Within each stage, many variations can be seen, for example within the diestrus stage, both epithelial cells and leukocytes were observed. In the arrangements, clumped mucus strands, composed of leukocytes, and initial clumping of leukocytes, and a later random or even disbursement were also seen. When collecting the vaginal fluid sample, there were non-represented collections that warranted repeat lavages, which included the extraction of squamous cells from the vaginal canal wall due to improper syringe insertion.
A collection of solely debris, a cell count that was too low to categorize, and those that were out of focus. It is common to graph the stage progressions on bar graphs, which allows researchers to examine the overall cycle pattern and identify a-cyclisity. And the samples can then be analyzed by the cycle length and stage progression pattern.
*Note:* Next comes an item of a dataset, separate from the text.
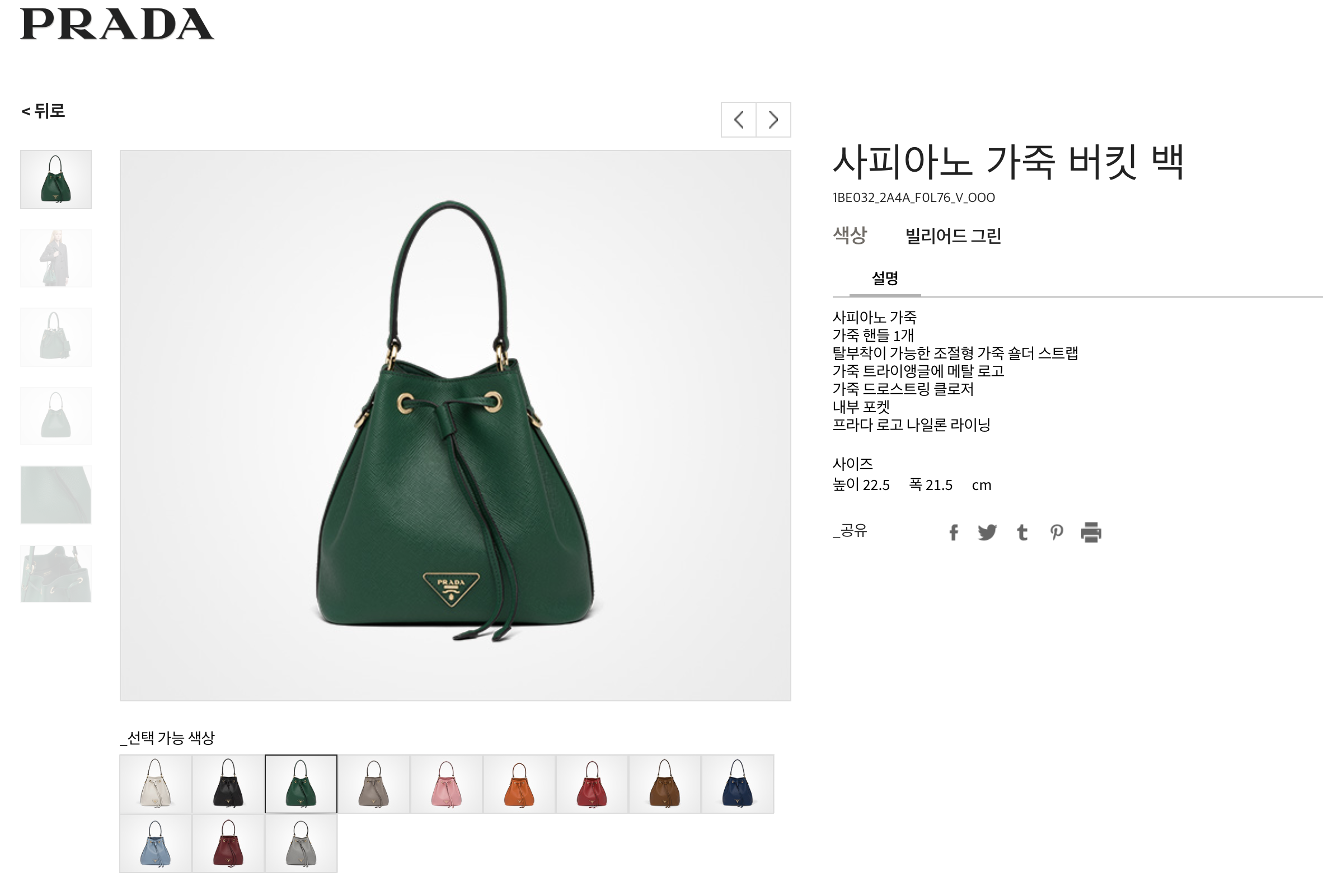 이게 새로나온 프라다 버킷백 라인인거 같은데 여기서 초록색 비슷한 색을 '빌리어드 그린' 이라고 명칭해놨길래 유추해 보았습니다.

Estrous cycle profiles can be created using a stacked bar graph, either tracking the stage progression per rat or per cohort. Where the categorizing components for each day are graphed either per day or per stage. The categorizing component data can also be organized numerically to create standardized ranges and collect statistics.
Practice the technique so it is minimally invasive and scan the microscope slide for representative samples to decrease selection bias. Overall, remember, there is no such thing as a normal cycle. Following this procedure, experimental variables could be introduced, such as exercise and behavioral paradigms.
This would allow research to establish baseline cycling of animals beforehand and to detect hormonal responses to specific interventions afterwards. This method allows researchers to explore the connection between sex steroid hormones and other bodily systems. An example of this is how cardiac receptors for sex steroid hormones relates to system functionality.